▸ ACTION ITEM: Omit the pictures and return exactly the stretch of the material below from the line with "Illustration of a" through the line with "Unidos como azurita-malaquita, se".

▸ INFORMATION SHOWN:
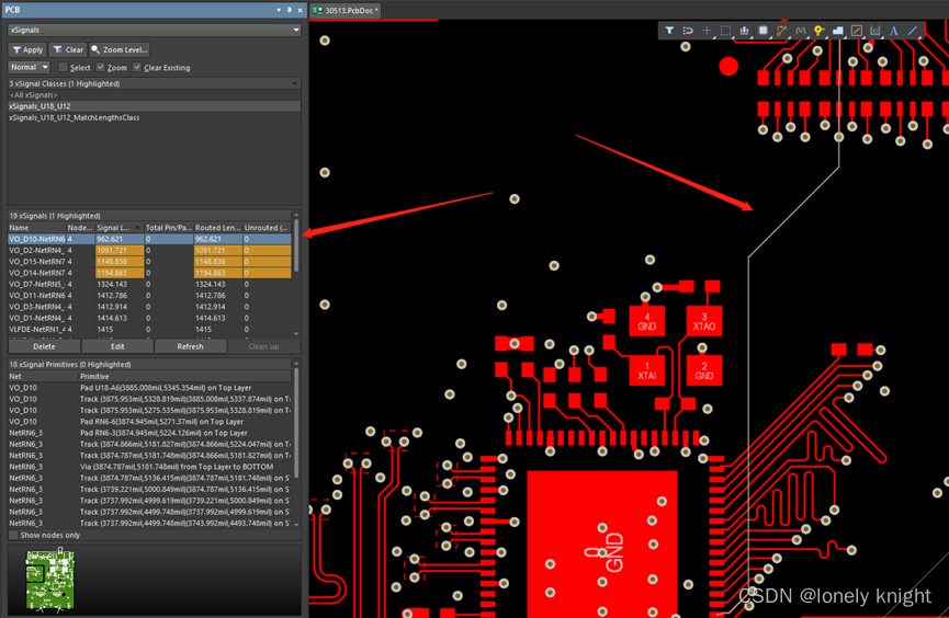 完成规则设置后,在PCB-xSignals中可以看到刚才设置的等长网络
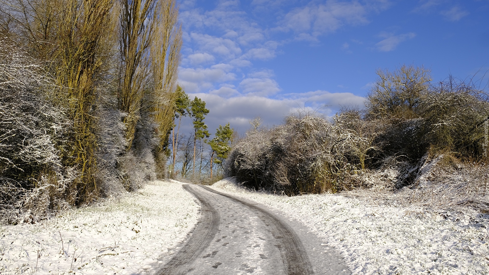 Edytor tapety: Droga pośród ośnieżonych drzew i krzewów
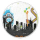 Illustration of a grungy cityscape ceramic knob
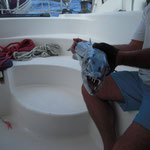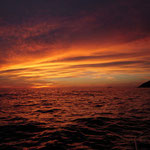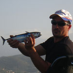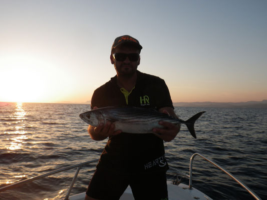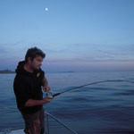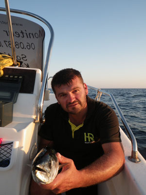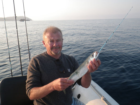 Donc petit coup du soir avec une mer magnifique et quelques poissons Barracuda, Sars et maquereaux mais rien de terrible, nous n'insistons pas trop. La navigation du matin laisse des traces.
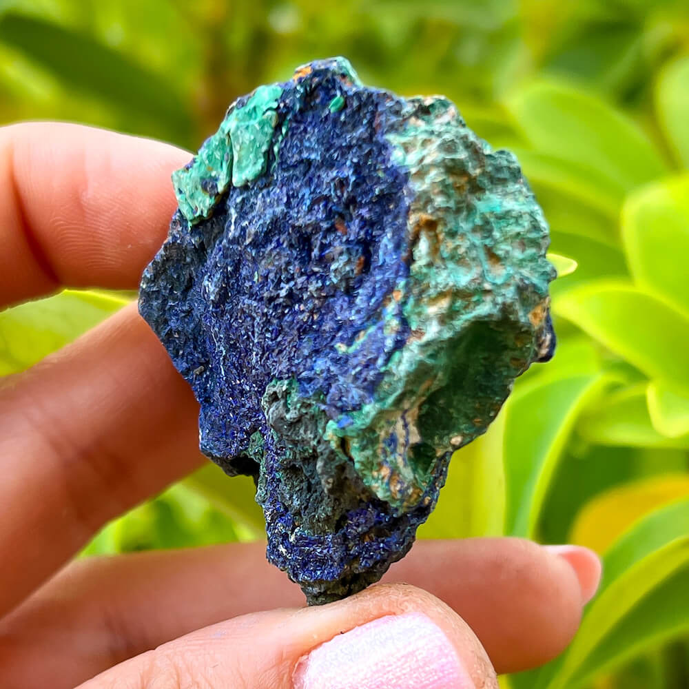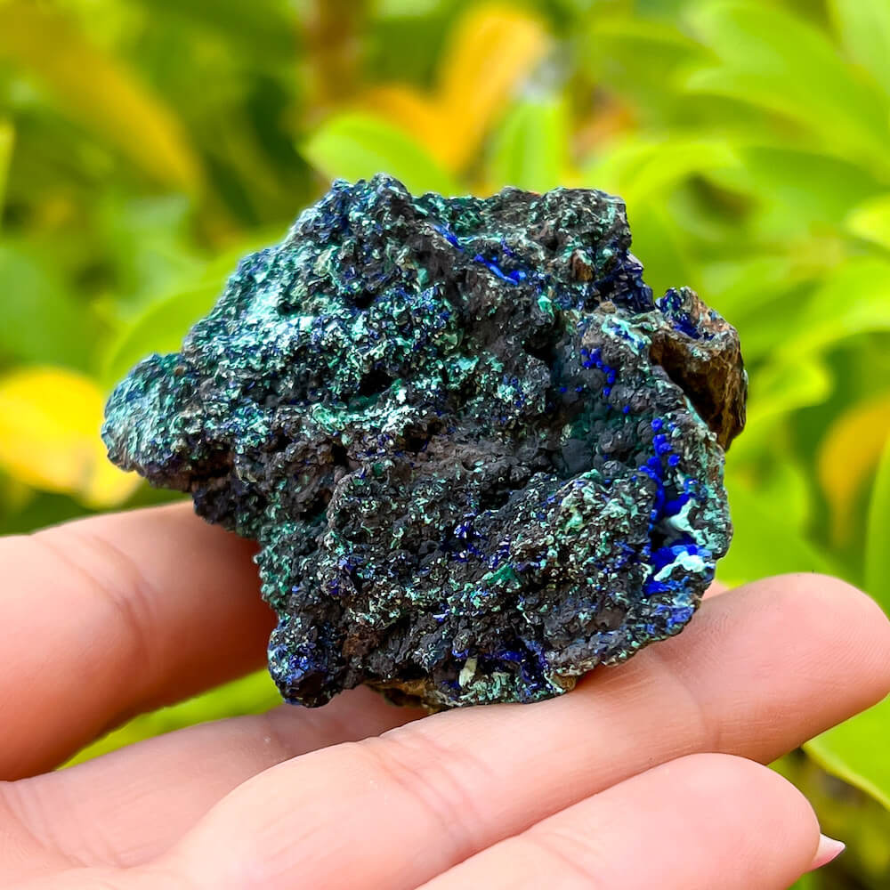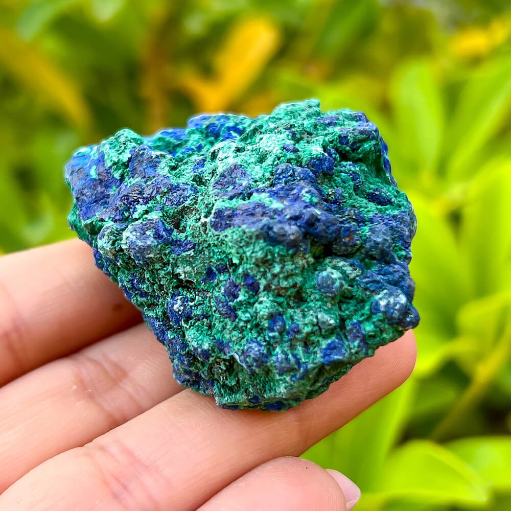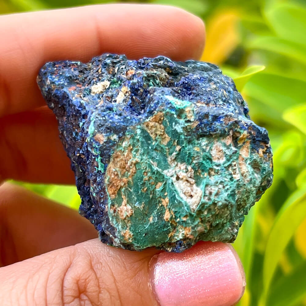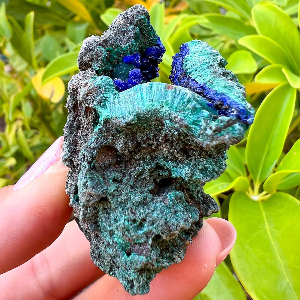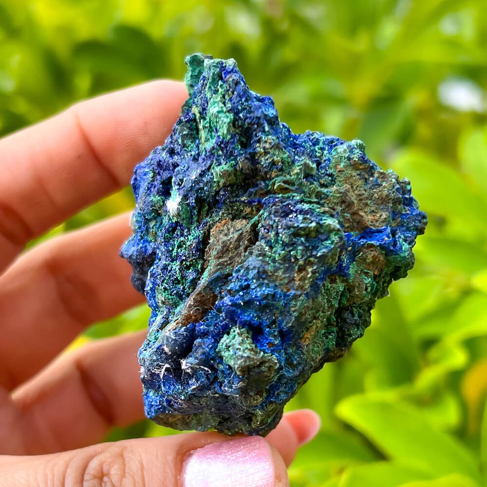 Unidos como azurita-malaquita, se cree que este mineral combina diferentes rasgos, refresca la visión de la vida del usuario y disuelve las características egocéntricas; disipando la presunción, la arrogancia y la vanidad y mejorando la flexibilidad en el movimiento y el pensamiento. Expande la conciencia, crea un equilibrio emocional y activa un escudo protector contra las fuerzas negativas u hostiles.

--

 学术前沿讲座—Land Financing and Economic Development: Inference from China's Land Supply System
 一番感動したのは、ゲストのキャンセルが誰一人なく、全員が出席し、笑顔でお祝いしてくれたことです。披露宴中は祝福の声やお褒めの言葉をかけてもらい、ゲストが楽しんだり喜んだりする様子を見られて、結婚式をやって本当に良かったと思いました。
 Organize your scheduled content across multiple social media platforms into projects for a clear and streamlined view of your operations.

▸ FINAL ANSWER:
 Illustration of a grungy cityscape ceramic knob
 Donc petit coup du soir avec une mer magnifique et quelques poissons Barracuda, Sars et maquereaux mais rien de terrible, nous n'insistons pas trop. La navigation du matin laisse des traces.
 Unidos como azurita-malaquita, se cree que este mineral combina diferentes rasgos, refresca la visión de la vida del usuario y disuelve las características egocéntricas; disipando la presunción, la arrogancia y la vanidad y mejorando la flexibilidad en el movimiento y el pensamiento. Expande la conciencia, crea un equilibrio emocional y activa un escudo protector contra las fuerzas negativas u hostiles.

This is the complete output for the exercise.